Buses and Airport Resuming Operations While Boats Remain Trapped in Harbor and Surfliner Service on Hold North of Goleta

Amtrak’s Pacific Surfliner | Credit: Courtesy LOSSAN Rail Corridor Agency

Downed trees, flood waters, and mudslides swamped the railroad tracks on Monday, and all the trains through the Central Coast stopped running, both freight and passenger. Inspections of the tracks are ongoing, said Puja Thomas-Patel, a spokesperson for LOSSAN, the Los Angeles, San Diego, San Luis Obispo Rail Agency. By Thursday, January 12, Pacific Surfliner passenger service between Los Angeles and Goleta is set to resume.

However, Surfliner service remains on hold north of Goleta to San Luis Obispo while the tracks in between are cleared or repaired. Crews from Union Pacific, which owns the tracks, and Amtrak checked the tracks after Monday’s storm and found them in need of numerous repairs. That work is expected to take about two weeks, Thomas-Patel said, and all service between Goleta and San Luis Obispo is temporarily on ice.

Credit: Matt Innes

Out at Santa Barbara Airport, the flood waters have subsided for the most part, and the airport is back in business, except for some private and general aviation on the north side of the field, said Angi Daus, a spokesperson for the airport. Some delays are also occurring that ricochet from a nationwide technical issue with FAA equipment today. That was largely resolved by 6:15 a.m., Daus said, although airlines are struggling with flight cancellations and delays at other airports that affect the Santa Barbara hub.
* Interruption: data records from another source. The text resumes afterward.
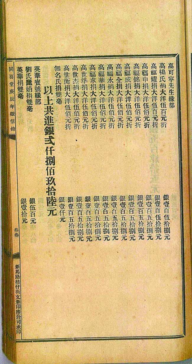 一八九二年善信樂助倡建同善堂經費芳名 |
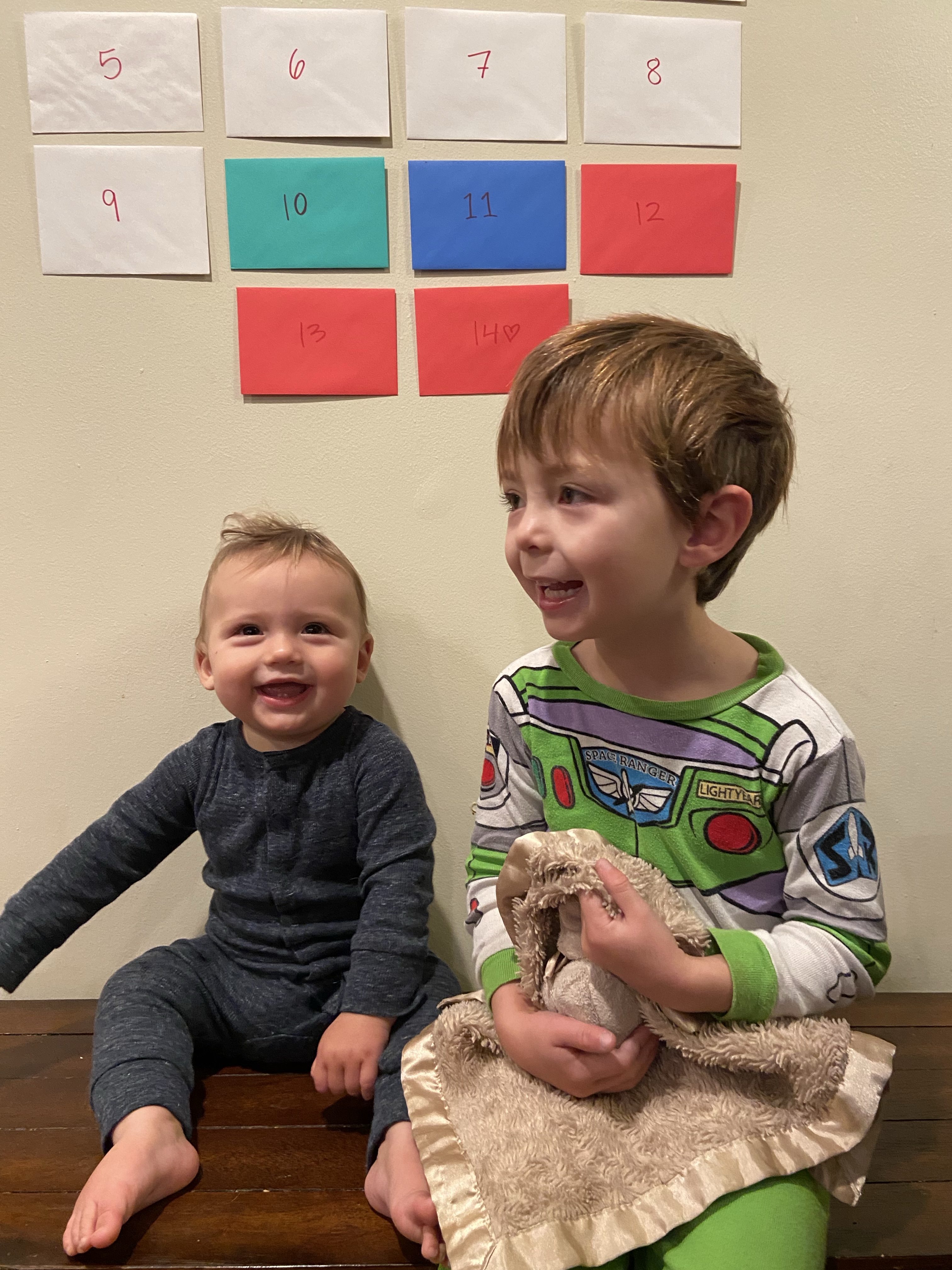 On the last day of January, I write out 14 love letters to our boys. I keep it short and simple but for each day leading up to Valentine’s Day they have a letter to read that tells them one thing we love about them! I stick them up on the wall and H opens it every morning. It is a fun thing for H to look forward to! I think hearing specific things we love about him is a good heart fill up for him too!
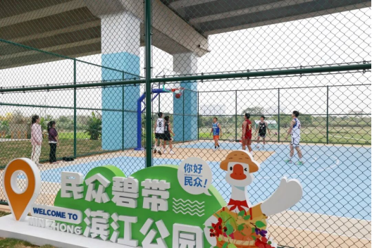 这片桥下空间总面积7600多平方米,过去杂草丛生、地面坑洼、雨季容易积水。作为民众街道首个桥下空间提升利用试点项目,碧带滨江公园践行了“百千万工程”与城市“微更新”理念,既盘活了闲置资源,又为周边沿江、接源等村民打造了“家门口的运动场”。
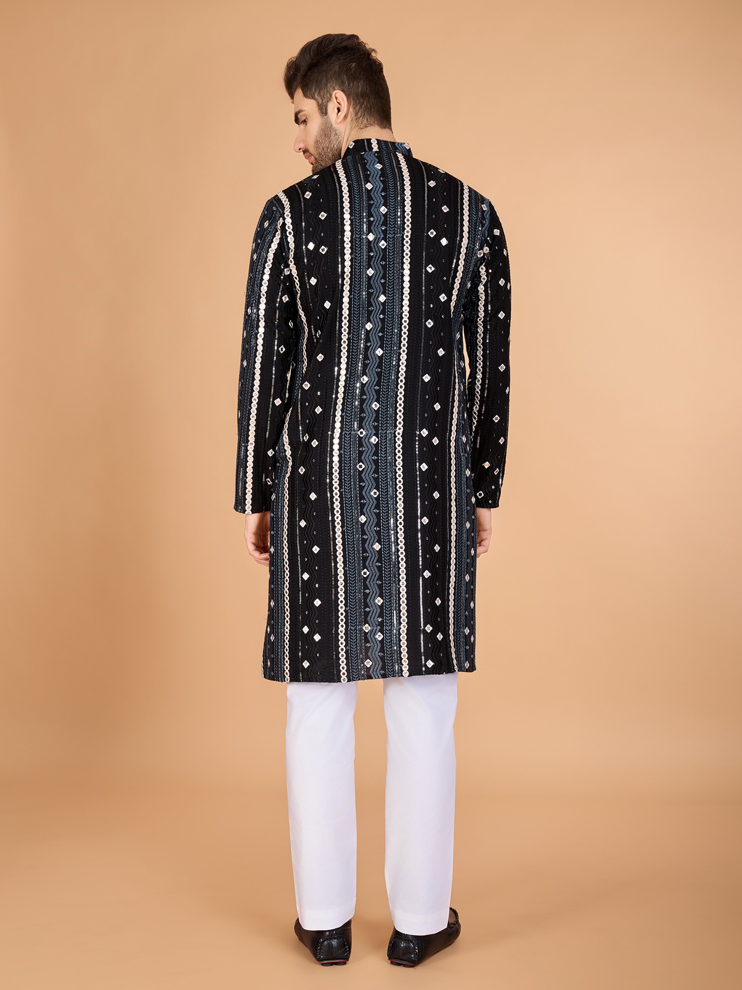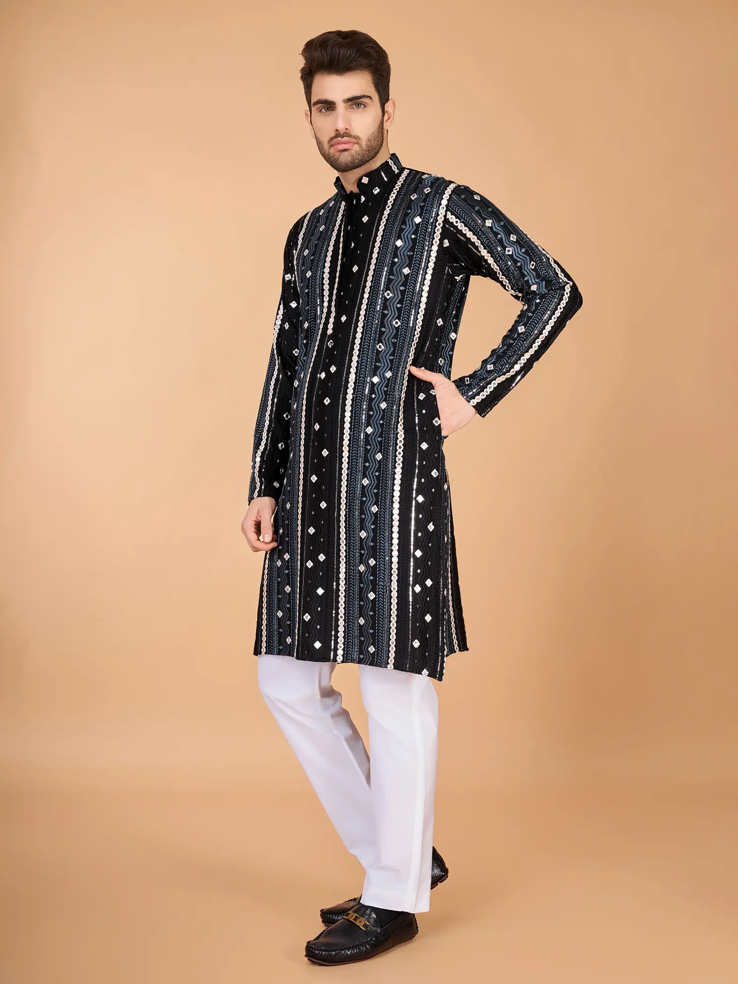Viscose Silk Men's Kurta With Thread And Sequence Embroidery Perfect For Festive And Evening Occasions
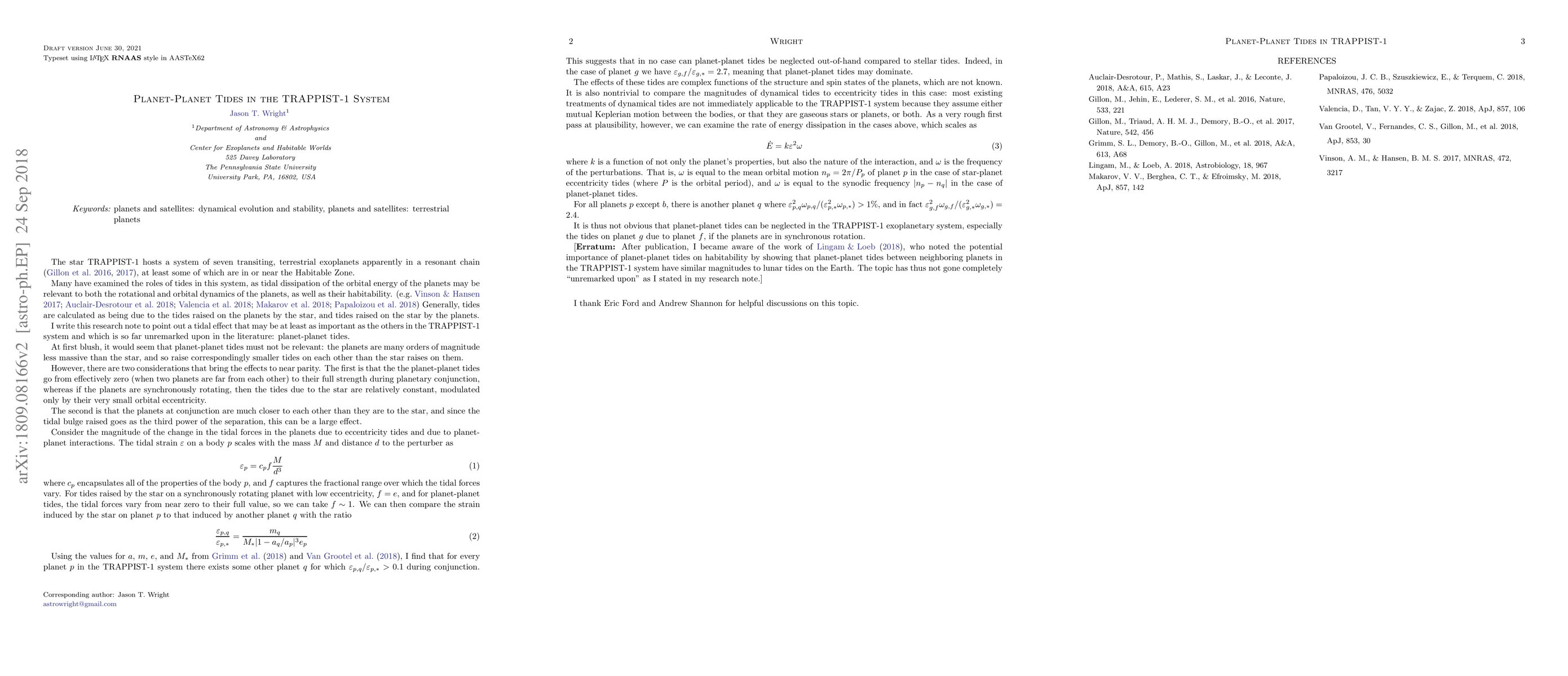 The star TRAPPIST-1 hosts a system of seven transiting, terrestrial exoplanets apparently in a resonant chain, at least some of which are in or near the Habitable Zone. Many have examined the roles of tides in this system, as tidal dissipation of the orbital energy of the planets may be relevant to both the rotational and orbital dynamics of the planets, as well as their habitability. Generally, tides are calculated as being due to the tides raised on the planets by the star, and tides raised on the star by the planets. I write this research note to point out a tidal effect that may be at least as important as the others in the TRAPPIST-1 system and which is so far unremarked upon in the literature: planet-planet tides. Under some reasonable assumptions, I find that for every planet $p$ in the TRAPPIST-1 system there exists some other planet $q$ for which the planet-planet dynamical tidal strain is within an order of magnitude of the stellar eccentricity tidal strain, and that the effects of planet $f$ on planet $g$ are in fact greater than that of the star on planet $g$. It is thus not obvious that planet-planet tides can be neglected in the TRAPPIST-1 exoplanetary system, especially the tides on planet $g$ due to planet $f$, if the planets are in synchronous rotation.
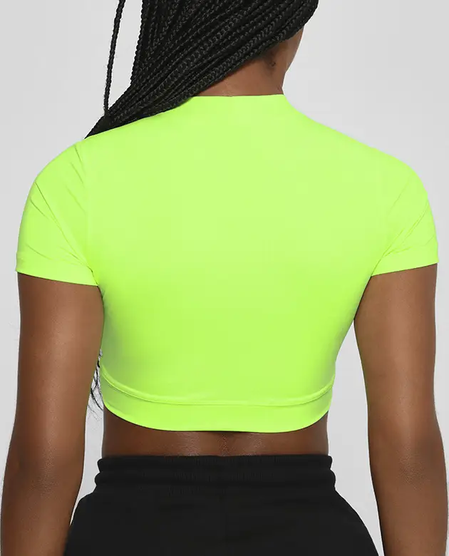 – COLEÇÃO GROWTH SENSE – – CROPPED SENSE MANUSCRITO AMARELO NEON – COMPOSIÇÃO: 88% POLIAMIDA 12% ELASTANO
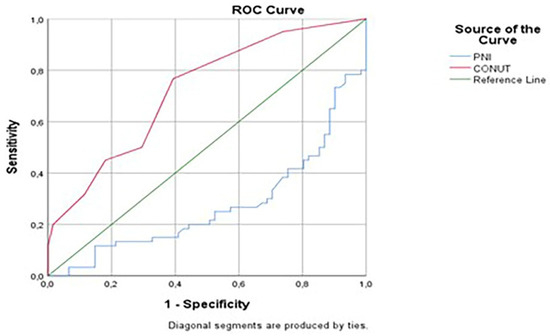 Multivariate logistic regression analysis was performed to identify independent prognostic factors associated with favorable outcomes. Associations were reported as odds ratios (ORs) with 95% confidence intervals (CIs). To assess the predictive accuracy of the nutritional indices, the Receiver Operating Characteristic (ROC) curve analysis was conducted. The area under the curve (AUC) was calculated to compare the predictive performance of the CONUT and PNI scores in determining clinical outcomes. A p-value < 0.05 was considered statistically significant for all analyses.
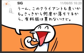 - うーん、このクライアントも良いかも。さっきから何度か落ちてるから、有料版は買わないけど。 #
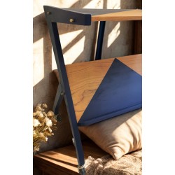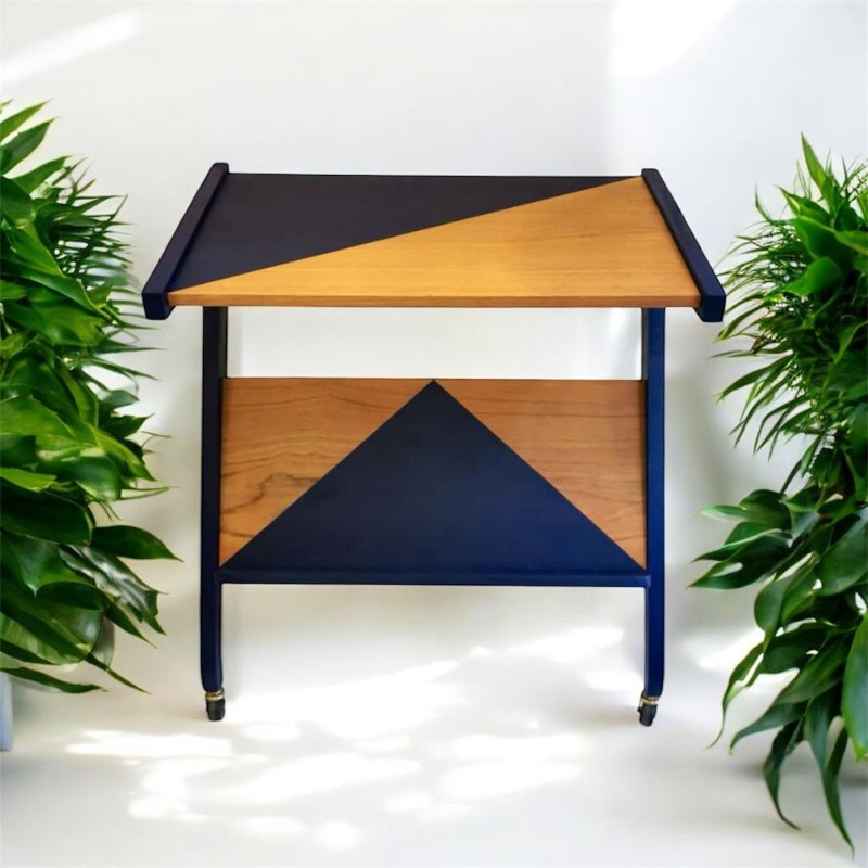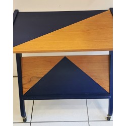 Jolie desserte bleu et bois sur roulette. Une servante au design vintage parfaitement restaurée et refaite au goût du jour.

Boats remain trapped in the Santa Barbara Harbor, which has been dealing with a silted-in harbor mouth since Monday. “It’s in the hands of the Army Corps of Engineers,” said Harbor Patrol Supervisor Erik Engebretson, as it’s the federal portion of the channel that’s filled in with sand and mud from Monday’s massive rainstorm. An emergency request for dredging was already in the works, and the waterfront hoped to find out on Thursday if dredging might begin that day or the next, he said with optimism. A warning to all mariners had gone out regarding the hazards of the now very shallow harbor entryway.

With the flood waters subsided and the highways back open, bus service in and out of Santa Barbara is restored, too. The commuter buses — Clean Air Express and VCTC Coastal Express — are back on schedule. The Metropolitan Transit District, which serves the south coast from Ellwood to Carpinteria, will resume all its routes on Thursday, January 12.